Supported file formats
- CSV — comma, semicolon, tab, pipe, colon, or hash delimiters (auto-detected)
- JSON — array of objects:
[{"name":"Alice","age":30}, ...] - JSONL — one object per line (newline-delimited)
- XLS / XLSX — Excel files with sheet selection
Step 1: Select File
Drag and drop files onto the dropzone, or click Browse Files. Multiple files can be selected.
Step 2: Preview & Mapping
After selecting a file, Flatseek parses the first few rows and shows a preview.
Column Mapping Options
- Exclude — skip this column during indexing
- Insert As — rename the column at insertion time
- Type — click the type badge to set the semantic type
Format Options
- Separator — auto-detected, but can be manually overridden
- First row is header — checkbox (default: on)
- Edit Headers — modify column names as JSON array
Step 3: Configure Index
- Upload to — "Create New Index" or "Existing Index"
- Index Name — lowercase, letters/numbers/underscores only
- Encrypt Index — enable password protection
- ID Field — specify a column as document ID (auto-generated if empty)
- Batch Size — documents sent per batch (default: 5000)
Step 4: Upload Progress
Live progress bar shows documents processed, throughput (docs/sec), and ETA.
Step 5: Complete
Summary shows total documents indexed and index size on disk.
Dashboard: Search
Select an index from the dropdown, enter a query in the search box, and press Search.
Query Syntax
*john* → contains "john"
name:john → name field = "john"
city:jakarta AND gender:L → both conditions
"john doe" → exact phrase
Filter Builder
Click Filter to open the advanced filter popup. Build filters by:
- Selecting a field
- Choosing an operator (contains, equals, starts with, ends with, greater than, less than, range)
- Entering a value
Click + Add Filter to add multiple conditions.
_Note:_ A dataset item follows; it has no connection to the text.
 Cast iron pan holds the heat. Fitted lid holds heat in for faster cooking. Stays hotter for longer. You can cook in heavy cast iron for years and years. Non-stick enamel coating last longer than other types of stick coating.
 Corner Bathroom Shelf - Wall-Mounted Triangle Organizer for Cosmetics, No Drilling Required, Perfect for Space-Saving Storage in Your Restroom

Click Apply to add them as filter tags.
Results Table
- Pagination — navigate through results pages
- Column Visibility — click column header tags to show/hide columns
- Remove Duplicates — checkbox + column selector to deduplicate results
- Date Distribution Chart — shown when date columns are detected (toggle with arrow button)
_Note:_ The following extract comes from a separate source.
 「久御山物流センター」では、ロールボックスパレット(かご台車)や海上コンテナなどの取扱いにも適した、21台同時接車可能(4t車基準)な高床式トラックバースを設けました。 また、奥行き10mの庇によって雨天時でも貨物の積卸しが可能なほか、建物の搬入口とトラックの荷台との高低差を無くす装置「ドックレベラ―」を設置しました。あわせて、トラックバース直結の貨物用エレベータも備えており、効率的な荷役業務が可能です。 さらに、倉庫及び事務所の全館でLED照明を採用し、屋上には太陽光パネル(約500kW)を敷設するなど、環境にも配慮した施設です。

- Click row — expand to see full document JSON
- Copy JSON — copy button in expanded document view
Dashboard: Aggregations
Go to the Aggregations tab to build aggregate summaries.
Aggregation Types
| Type | Description | Output |
|---|---|---|
terms | Group by unique values | Top N terms with counts |
stats | Statistical summary | Count, min, max, sum, avg |
date_histogram | Time-series grouping | Counts per time bucket |
avg | Average value | Single numeric average |
min | Minimum value | Single numeric minimum |
max | Maximum value | Single numeric maximum |
sum | Sum of values | Single numeric total |
cardinality | Unique value count | Single approximate count |
Chart Types
Toggle between Bar, Line, Donut, and Pie charts. Use Table view for raw data.
Common Use Cases
| Goal | Field | Type | Size |
|---|---|---|---|
| Top 10 cities | city | terms | 10 |
| Daily signups (30 days) | created_at | date_histogram | 30 |
| Average order value | order_amount | avg | — |
| Unique customers | customer_id | cardinality | — |
| Age statistics | age | stats | — |
Dashboard: Map View
Go to the Map tab to plot geo-tagged documents on an interactive Leaflet map.
Requirements
- Two numeric fields: latitude (-90 to 90) and longitude (-180 to 180)
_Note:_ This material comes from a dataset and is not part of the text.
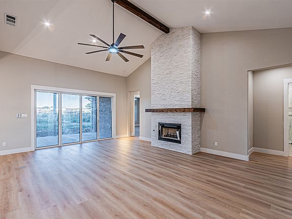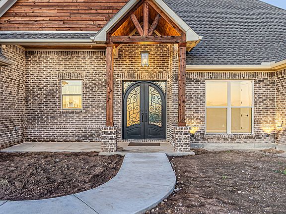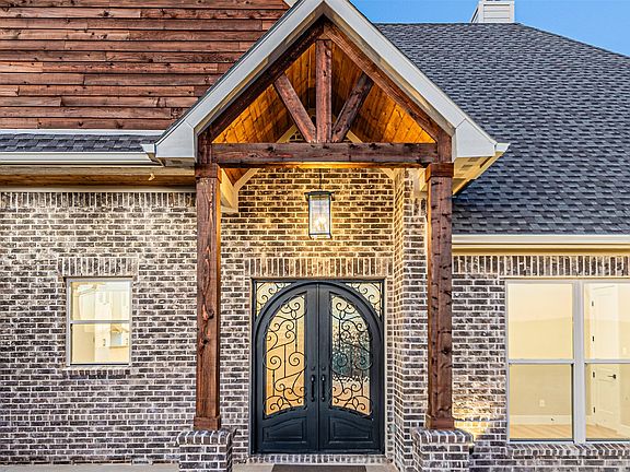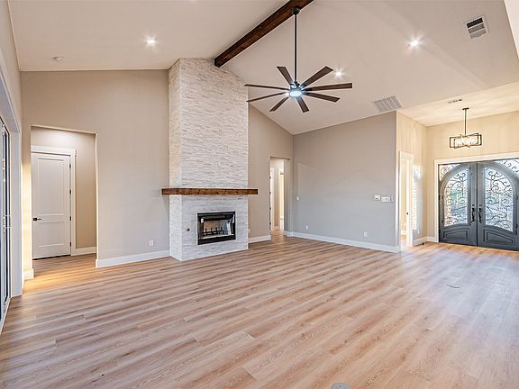 Your DREAM home awaits! This stunning custom full brick home sits on a 2-acre lot with a private pond in the back. Tons of custom features you won't see everyday. Upon opening the full-size iron door, you will be welcomed with large living room that features soaring vaulted ceilings, a stunning floor-to-ceiling stone fireplace, and 12 ft full openable folding doors leading to covered back porch. The open-concept layout seamlessly connects the gourmet kitchen completed with full height cabinetry, high-end appliances, quartz countertops with matching quartz backsplash, and oversized island seating, making it the perfect space for entertaining or relaxing with family. Additional flex room is connected with 2 guest rooms, can be used as a second living, kids game room or addition dinning room. Also featuring spray foam insulation including fully insulated large garage and insulated garage door.

- Up to 50,000 documents per map view
Combined lat,lng Field
If your data has a single field like "-6.2088, 106.8456" or "-6.2088 106.8456", use the combined lat,lng field selector instead of selecting latitude and longitude separately.
Map Controls
- Marker clustering — nearby points cluster automatically
- Click cluster — zoom in
- Click marker — see document details in popup
- Size input — control max documents plotted (1–50,000)
Dashboard: Index Management
Click the cluster status button (top-right) to view all indices and their stats.
Index Actions
- View stats — document count, index size, columns, type mappings
- Rename — click the rename button, enter new name
- Encrypt — click encrypt button, enter passphrase twice
- Decrypt — click decrypt button, enter passphrase
- Delete — click delete button, confirm deletion
Encrypted Indices
When accessing an encrypted index, a password modal appears. Enter the passphrase to authenticate. The session stores the password in memory for subsequent queries on that index.
Upload Progress
While uploading, the index card shows upload progress with live stats (documents processed, files done, ETA).
Query Syntax Reference
Basic Operators
| Pattern | Description | Example |
|---|---|---|
word | Match documents containing this word | john → all docs with "john" |
*ord | Wildcard at start | *ohn → "john", "mohn" |
wo*d | Wildcard in middle | j*doe → "jackson doe" |
"exact phrase" | Exact phrase match | "john doe" |
word1 AND word2 | Both words required | john AND jakarta |
word1 OR word2 | Either word matches | john OR jane |
NOT word | Exclude word | NOT john |
( ) | Grouping | (john OR jane) AND jakarta |
Field Prefixes
| Pattern | Description | Example |
|---|---|---|
name:value | Field contains value | city:jakarta |
name:*value* | Field wildcard | email:*@gmail.com |
field:[min TO max] | Range query (date/number fields) | birthday:[1990-01-01 TO 1999-12-31] |
Special Characters
These characters have special meaning and must be escaped with \ to search literally:
+ - && || ! ( ) { } [ ] ^ " ~ * ? : \ /
Example: to search for john+doe, use john\+doe
Query Examples
Basic Search
*john* # All documents containing "john"
"john doe" # Exact phrase match
john doe # Both words must appear (implicit AND)
Field-Specific
name:john # name field = john
city:jakarta # city field = jakarta
email:*@gmail.com # emails from gmail
phone:*1234* # phone containing "1234"
Boolean Logic
john AND jakarta # Both must appear
john OR jane # Either appears
john AND NOT jakarta # john but not jakarta
city:jakarta AND gender:L # Both conditions
Wildcards
*john* # Contains john anywhere
j* # Starts with j
*doe # Ends with doe
na*e # na followed by e (na + anything + e)
Grouping
(john OR jane) AND jakarta # Either john or jane, in jakarta
name:(john OR doe) # john or doe in name field
Date Ranges (date fields only)
birthday:[1990-01-01 TO 1999-12-31] # Born in the 1990s
created_at:[2024-01-01 TO 2024-12-31] # Created in 2024
Column Types
Column types determine how values are indexed and queried.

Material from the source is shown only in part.